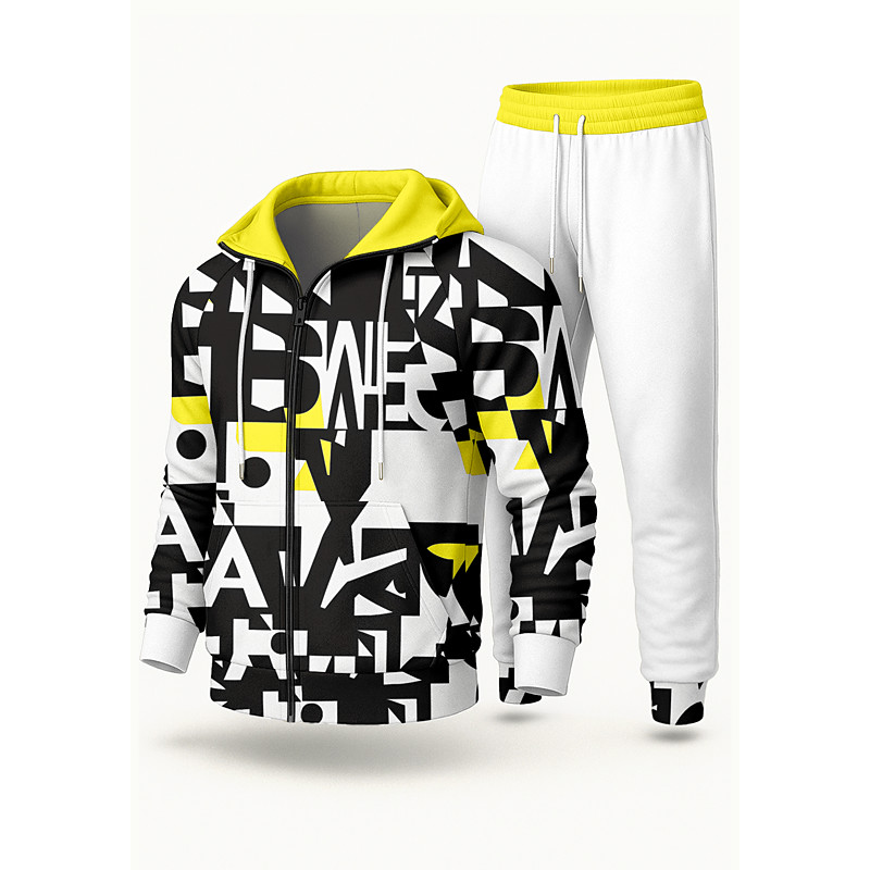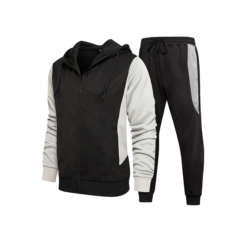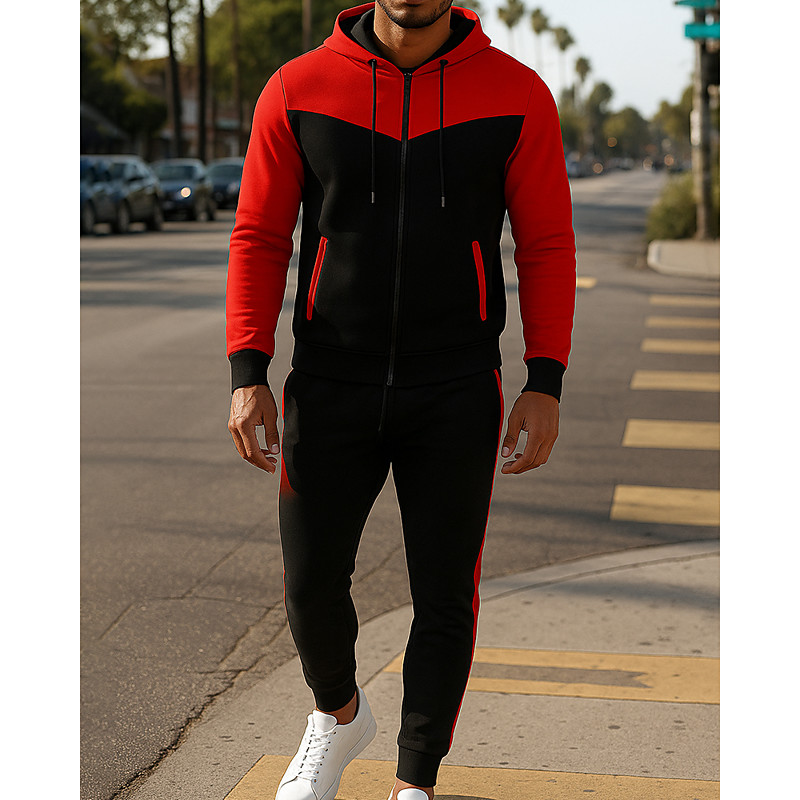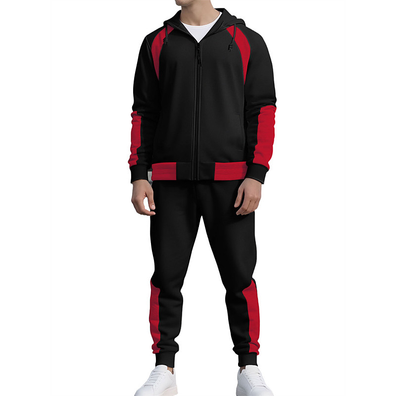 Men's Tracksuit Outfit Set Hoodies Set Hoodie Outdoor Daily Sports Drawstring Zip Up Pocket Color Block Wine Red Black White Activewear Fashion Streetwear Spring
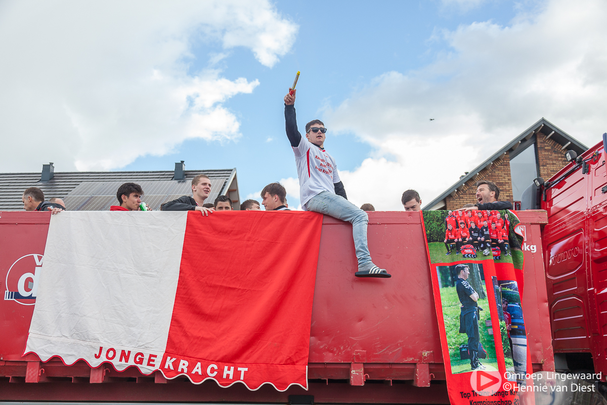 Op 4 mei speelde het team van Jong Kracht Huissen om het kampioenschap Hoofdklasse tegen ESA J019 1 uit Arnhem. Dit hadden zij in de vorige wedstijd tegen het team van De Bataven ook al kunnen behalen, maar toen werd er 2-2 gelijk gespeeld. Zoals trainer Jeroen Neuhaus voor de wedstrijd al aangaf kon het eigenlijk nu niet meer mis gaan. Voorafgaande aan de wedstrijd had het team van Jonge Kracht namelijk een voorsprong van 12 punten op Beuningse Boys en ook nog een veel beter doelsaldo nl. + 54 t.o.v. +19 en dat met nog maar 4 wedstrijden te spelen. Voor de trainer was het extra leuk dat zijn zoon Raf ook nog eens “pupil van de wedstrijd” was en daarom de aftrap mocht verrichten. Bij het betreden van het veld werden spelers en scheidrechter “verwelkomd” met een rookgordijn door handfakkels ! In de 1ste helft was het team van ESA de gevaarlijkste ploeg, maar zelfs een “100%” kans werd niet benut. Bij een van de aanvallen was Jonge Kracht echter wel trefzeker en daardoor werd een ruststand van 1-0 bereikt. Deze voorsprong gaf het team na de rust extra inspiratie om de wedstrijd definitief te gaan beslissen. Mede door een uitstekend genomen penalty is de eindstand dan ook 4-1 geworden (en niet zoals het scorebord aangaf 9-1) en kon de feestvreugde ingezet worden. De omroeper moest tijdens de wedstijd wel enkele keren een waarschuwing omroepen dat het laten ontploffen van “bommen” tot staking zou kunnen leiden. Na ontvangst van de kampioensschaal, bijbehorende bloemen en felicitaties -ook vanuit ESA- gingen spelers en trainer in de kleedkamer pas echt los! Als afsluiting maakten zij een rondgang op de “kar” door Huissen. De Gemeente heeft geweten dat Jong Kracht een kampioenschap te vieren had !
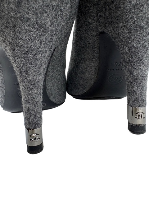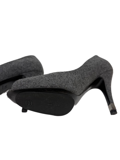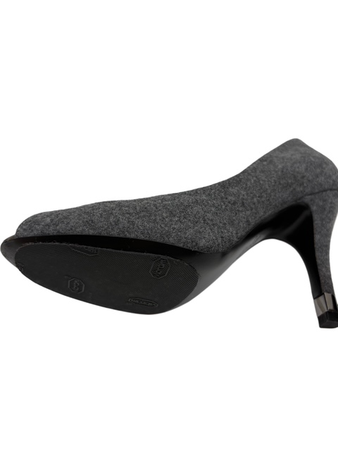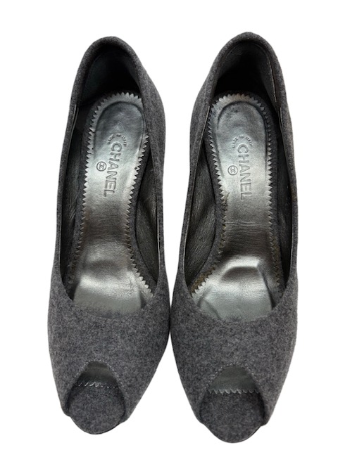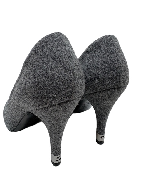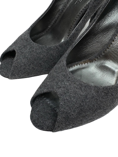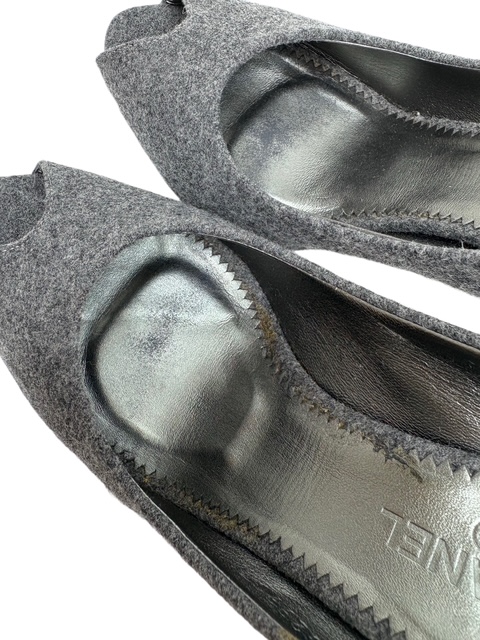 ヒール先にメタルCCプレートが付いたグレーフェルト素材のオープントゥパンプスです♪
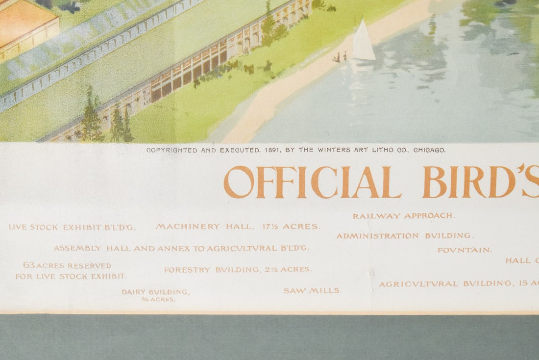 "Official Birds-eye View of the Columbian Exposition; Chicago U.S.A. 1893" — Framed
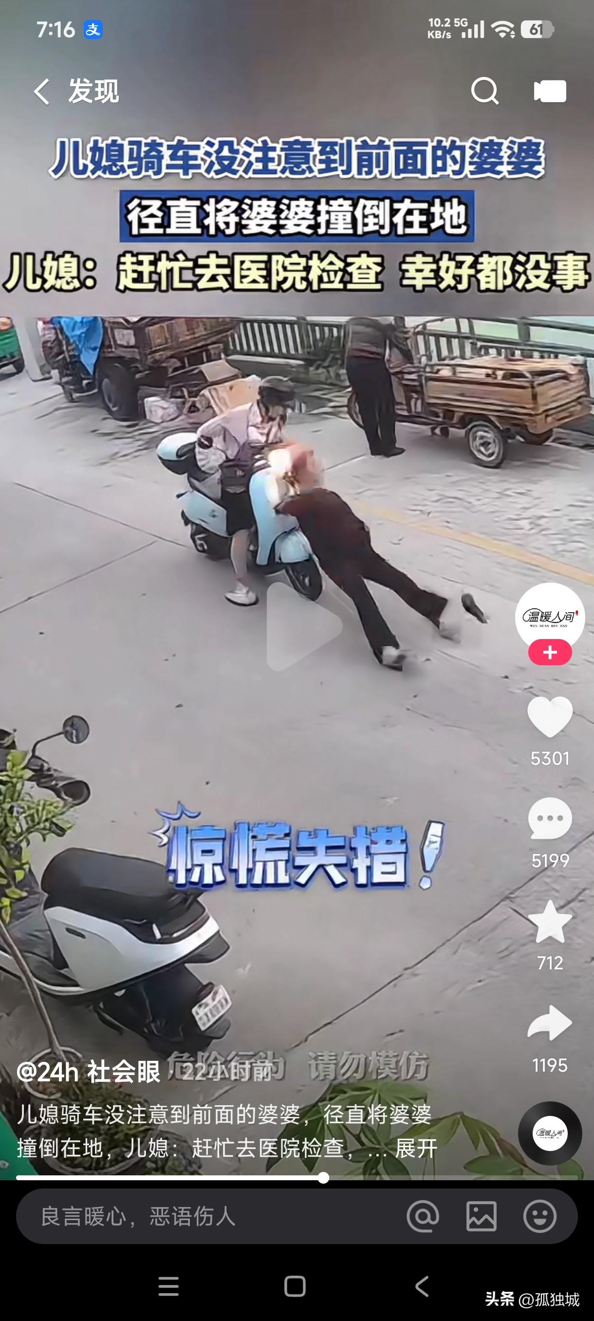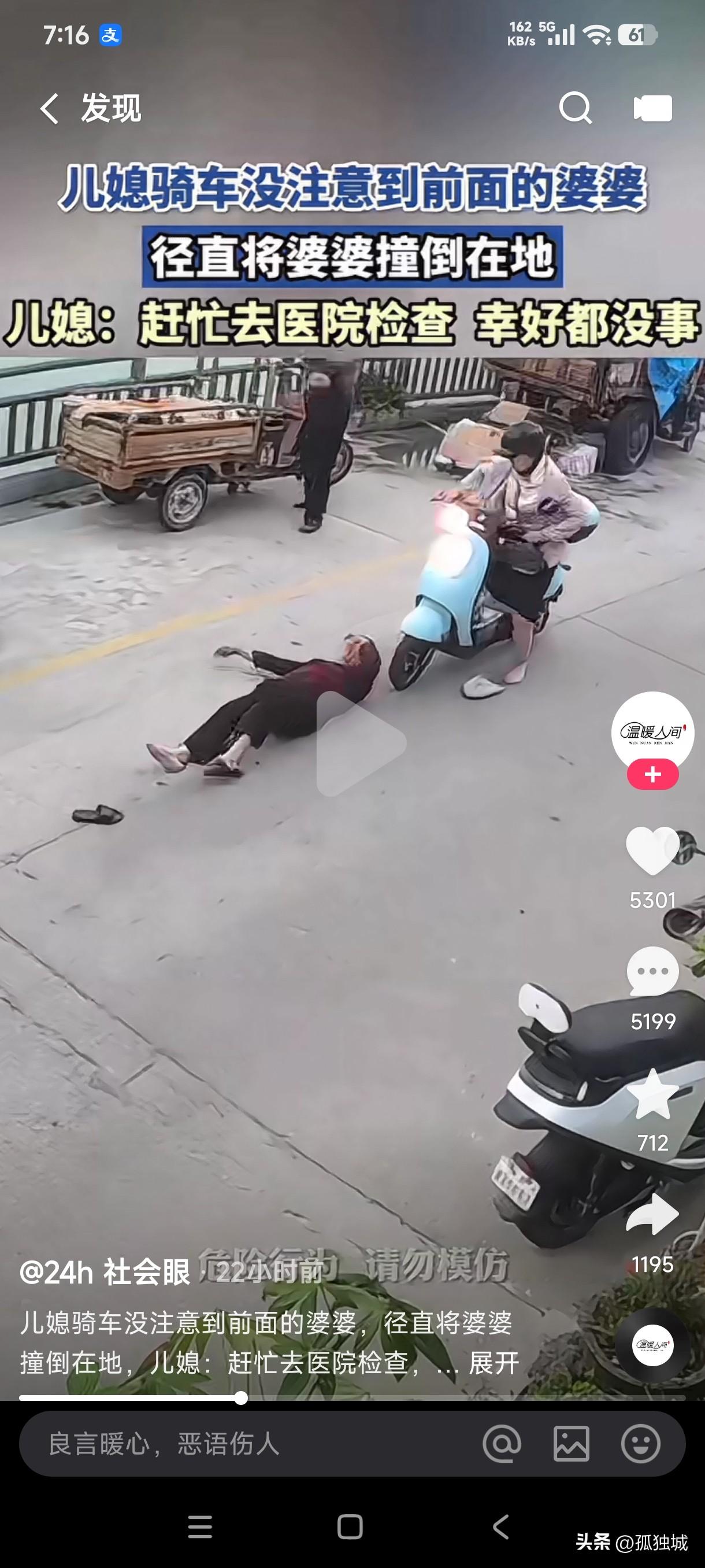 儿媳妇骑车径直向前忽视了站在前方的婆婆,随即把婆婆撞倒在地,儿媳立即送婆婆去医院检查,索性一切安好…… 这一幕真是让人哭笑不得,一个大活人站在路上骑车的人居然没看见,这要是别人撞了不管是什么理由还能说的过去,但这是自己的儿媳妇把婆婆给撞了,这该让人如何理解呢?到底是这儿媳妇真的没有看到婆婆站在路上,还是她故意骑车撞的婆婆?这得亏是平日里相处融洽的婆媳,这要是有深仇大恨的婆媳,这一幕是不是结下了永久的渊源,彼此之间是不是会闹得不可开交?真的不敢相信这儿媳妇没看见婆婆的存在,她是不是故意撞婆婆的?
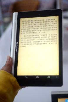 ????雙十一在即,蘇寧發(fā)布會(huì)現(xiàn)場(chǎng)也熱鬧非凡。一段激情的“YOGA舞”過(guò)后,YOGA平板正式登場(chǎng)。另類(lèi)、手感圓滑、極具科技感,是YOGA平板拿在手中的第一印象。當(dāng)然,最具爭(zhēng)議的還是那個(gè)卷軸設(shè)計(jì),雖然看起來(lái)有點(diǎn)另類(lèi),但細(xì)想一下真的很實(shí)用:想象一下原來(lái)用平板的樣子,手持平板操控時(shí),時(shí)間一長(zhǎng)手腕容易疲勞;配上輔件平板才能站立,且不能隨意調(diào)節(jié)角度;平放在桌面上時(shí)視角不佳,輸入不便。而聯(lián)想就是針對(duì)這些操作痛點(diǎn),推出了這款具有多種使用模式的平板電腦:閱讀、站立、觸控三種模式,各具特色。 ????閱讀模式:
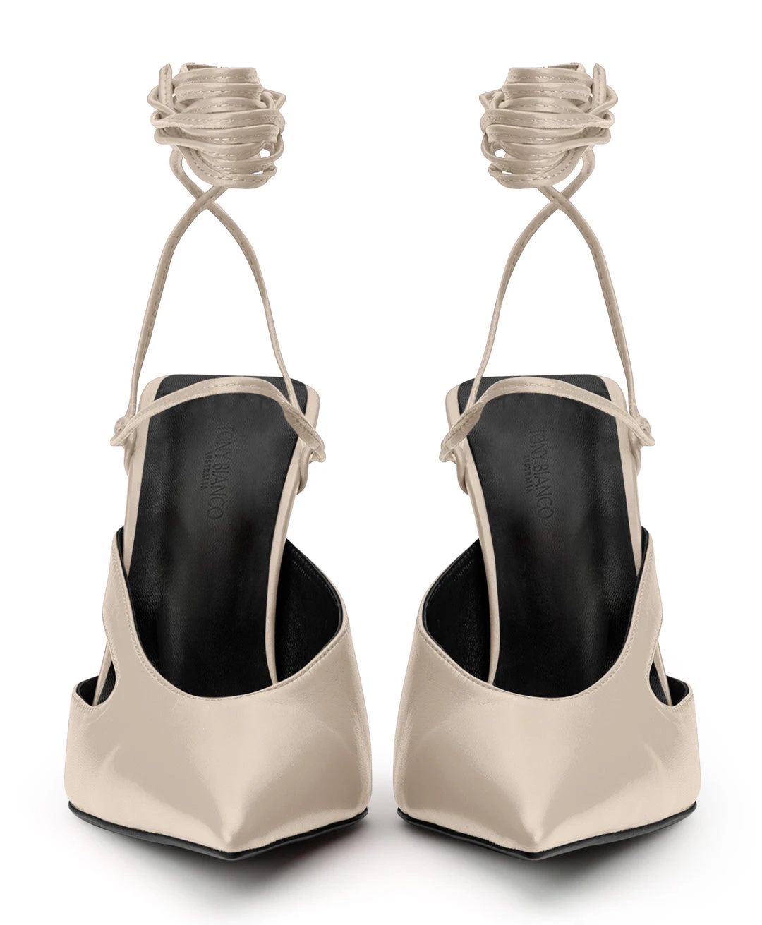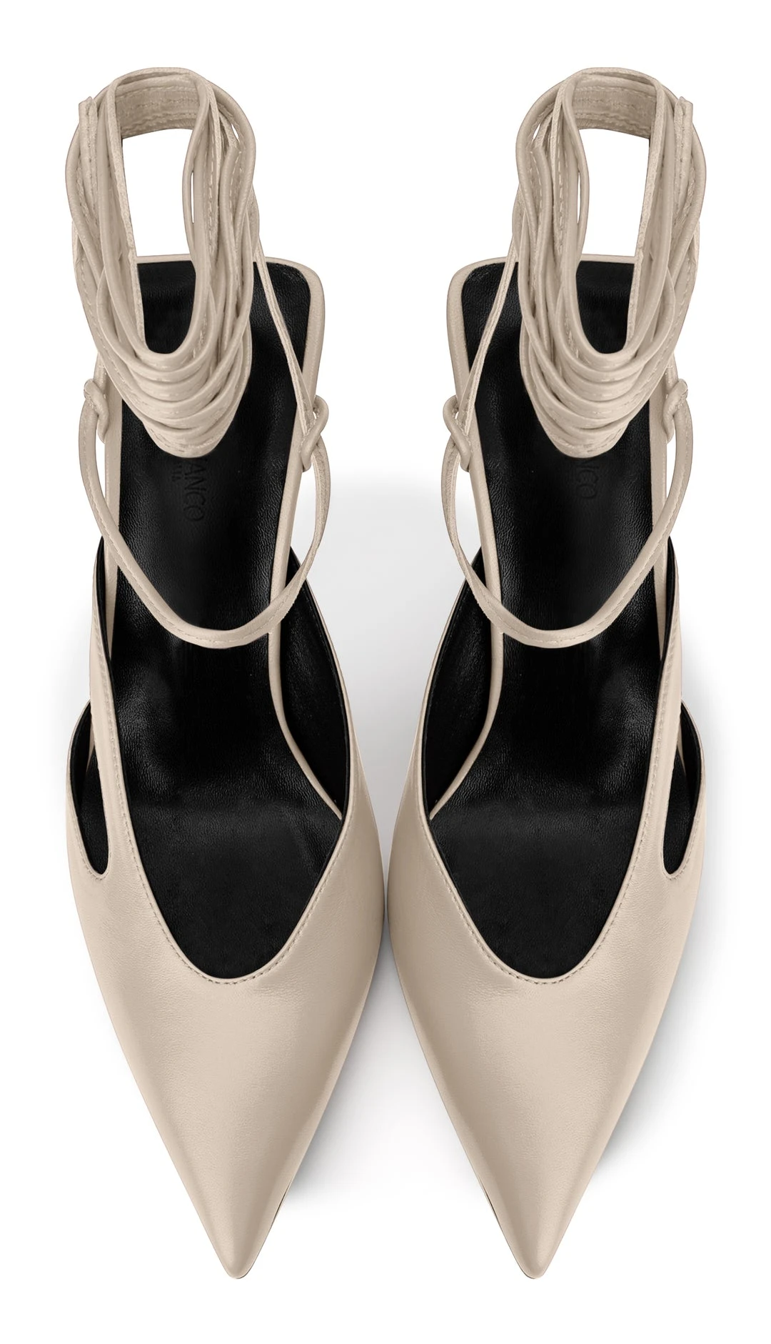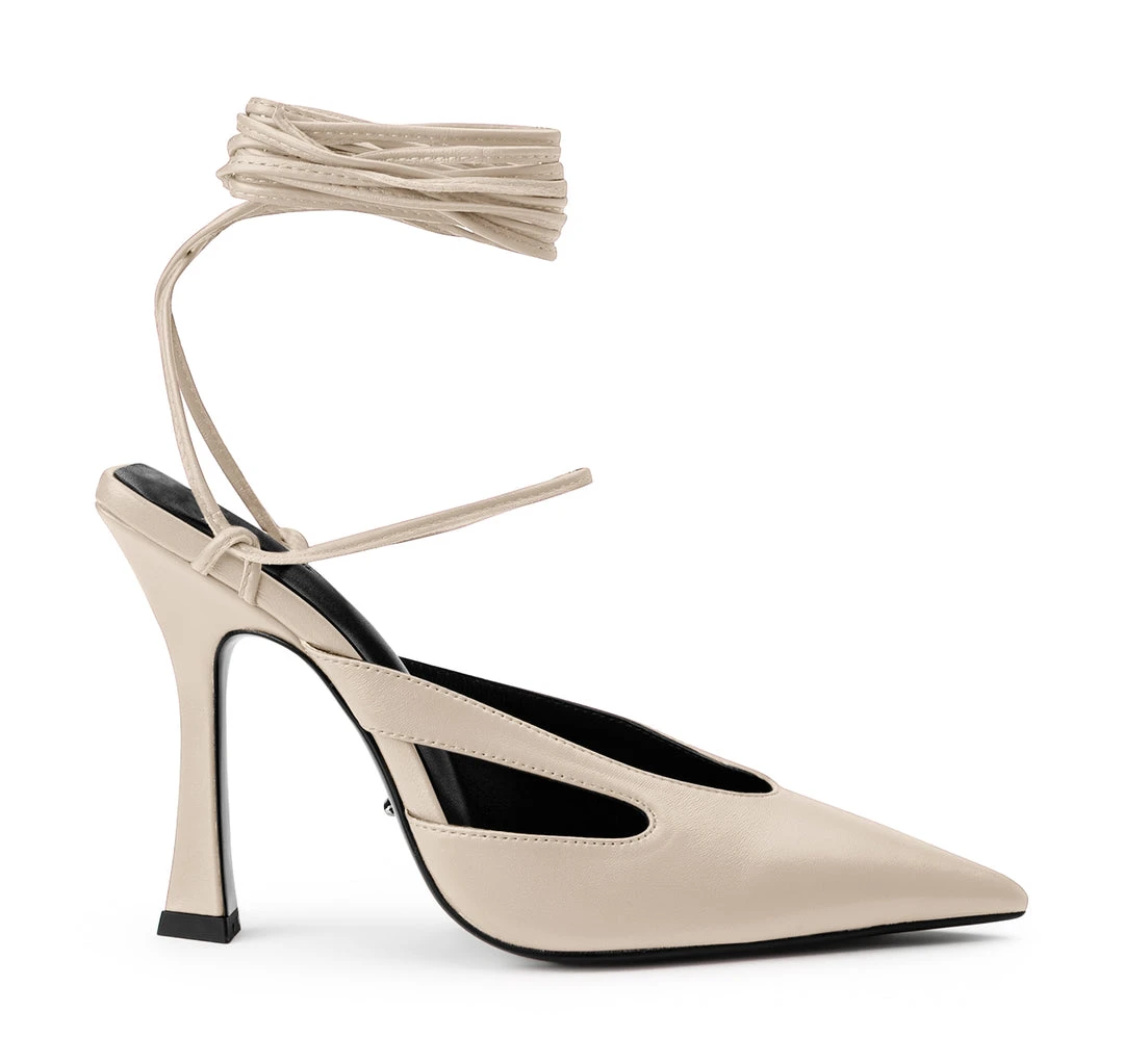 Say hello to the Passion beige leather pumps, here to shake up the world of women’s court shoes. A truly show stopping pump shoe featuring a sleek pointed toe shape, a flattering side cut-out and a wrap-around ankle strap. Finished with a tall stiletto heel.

◆ ◆ ◆ ◆ ◆

Restate each entry verbatim and skip every image.

### Solved exercise
 Men's Tracksuit Outfit Set Hoodies Set Hoodie Outdoor Daily Sports Drawstring Zip Up Pocket Color Block Wine Red Black White Activewear Fashion Streetwear Spring
 Op 4 mei speelde het team van Jong Kracht Huissen om het kampioenschap Hoofdklasse tegen ESA J019 1 uit Arnhem. Dit hadden zij in de vorige wedstijd tegen het team van De Bataven ook al kunnen behalen, maar toen werd er 2-2 gelijk gespeeld. Zoals trainer Jeroen Neuhaus voor de wedstrijd al aangaf kon het eigenlijk nu niet meer mis gaan. Voorafgaande aan de wedstrijd had het team van Jonge Kracht namelijk een voorsprong van 12 punten op Beuningse Boys en ook nog een veel beter doelsaldo nl. + 54 t.o.v. +19 en dat met nog maar 4 wedstrijden te spelen. Voor de trainer was het extra leuk dat zijn zoon Raf ook nog eens “pupil van de wedstrijd” was en daarom de aftrap mocht verrichten. Bij het betreden van het veld werden spelers en scheidrechter “verwelkomd” met een rookgordijn door handfakkels ! In de 1ste helft was het team van ESA de gevaarlijkste ploeg, maar zelfs een “100%” kans werd niet benut. Bij een van de aanvallen was Jonge Kracht echter wel trefzeker en daardoor werd een ruststand van 1-0 bereikt. Deze voorsprong gaf het team na de rust extra inspiratie om de wedstrijd definitief te gaan beslissen. Mede door een uitstekend genomen penalty is de eindstand dan ook 4-1 geworden (en niet zoals het scorebord aangaf 9-1) en kon de feestvreugde ingezet worden. De omroeper moest tijdens de wedstijd wel enkele keren een waarschuwing omroepen dat het laten ontploffen van “bommen” tot staking zou kunnen leiden. Na ontvangst van de kampioensschaal, bijbehorende bloemen en felicitaties -ook vanuit ESA- gingen spelers en trainer in de kleedkamer pas echt los! Als afsluiting maakten zij een rondgang op de “kar” door Huissen. De Gemeente heeft geweten dat Jong Kracht een kampioenschap te vieren had !
 ヒール先にメタルCCプレートが付いたグレーフェルト素材のオープントゥパンプスです♪
 "Official Birds-eye View of the Columbian Exposition; Chicago U.S.A. 1893" — Framed
 儿媳妇骑车径直向前忽视了站在前方的婆婆,随即把婆婆撞倒在地,儿媳立即送婆婆去医院检查,索性一切安好…… 这一幕真是让人哭笑不得,一个大活人站在路上骑车的人居然没看见,这要是别人撞了不管是什么理由还能说的过去,但这是自己的儿媳妇把婆婆给撞了,这该让人如何理解呢?到底是这儿媳妇真的没有看到婆婆站在路上,还是她故意骑车撞的婆婆?这得亏是平日里相处融洽的婆媳,这要是有深仇大恨的婆媳,这一幕是不是结下了永久的渊源,彼此之间是不是会闹得不可开交?真的不敢相信这儿媳妇没看见婆婆的存在,她是不是故意撞婆婆的?
 ????雙十一在即,蘇寧發(fā)布會(huì)現(xiàn)場(chǎng)也熱鬧非凡。一段激情的“YOGA舞”過(guò)后,YOGA平板正式登場(chǎng)。另類(lèi)、手感圓滑、極具科技感,是YOGA平板拿在手中的第一印象。當(dāng)然,最具爭(zhēng)議的還是那個(gè)卷軸設(shè)計(jì),雖然看起來(lái)有點(diǎn)另類(lèi),但細(xì)想一下真的很實(shí)用:想象一下原來(lái)用平板的樣子,手持平板操控時(shí),時(shí)間一長(zhǎng)手腕容易疲勞;配上輔件平板才能站立,且不能隨意調(diào)節(jié)角度;平放在桌面上時(shí)視角不佳,輸入不便。而聯(lián)想就是針對(duì)這些操作痛點(diǎn),推出了這款具有多種使用模式的平板電腦:閱讀、站立、觸控三種模式,各具特色。 ????閱讀模式:
 Say hello to the Passion beige leather pumps, here to shake up the world of women’s court shoes. A truly show stopping pump shoe featuring a sleek pointed toe shape, a flattering side cut-out and a wrap-around ankle strap. Finished with a tall stiletto heel.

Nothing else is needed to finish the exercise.